The deals industry is like an assembly line, so when one end isn't operating at full capacity, the other slows, too. That appears to partially explain the U.S. IPO market's shortcomings.
Private equity firms, historically a big supplier of initial public offerings, haven't been pulling their weight lately, as my Bloomberg News colleagues Alex Barinka and Kiel Porter pointed out here. While the S&P 500 index is in the green this year and closed at a new high on Aug. 15, financial sponsors have viewed the market as simply too volatile to exit their investments in this way (although markets have calmed considerably lately).

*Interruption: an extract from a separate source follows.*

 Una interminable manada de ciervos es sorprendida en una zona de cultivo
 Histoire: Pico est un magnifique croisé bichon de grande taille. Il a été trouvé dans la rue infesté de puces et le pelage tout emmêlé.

But even if that changes, don't necessarily count on private equity firms contributing much more excitement to the IPO market down the road -- at least as far as big, splashy deals are concerned. The days of mega-buyouts are long gone, for many reasons, one of which is that buyout firms can't team up on massive debt-funded deals like they did prior to the financial crisis. (Not to mention, an incredible number of former big-name LBO targets drowned in the debt they were saddled with back when they were taken private.)
Private equity firms are certainly still busy, but as Gillian Tan and I explained here last year, they're doing smaller deals, often even buying units of larger companies. And in the end, maybe that's a better way to go. The big exception this year: Leon Black's Apollo Global Management. It's taking private grocery chain Fresh Market, Redbox owner Outerwall, timeshare operator Diamond Resorts, and for-profit college company Apollo Education. That's more than $6 billion in total. Plus, Apollo bought security firm ADT in a deal that works out to about $15 billion.
Still, that's the only private equity buyout worth more than $10 billion this year. And any exit -- via IPO or otherwise -- is probably years away.
This column does not necessarily reflect the opinion of Bloomberg LP and its owners.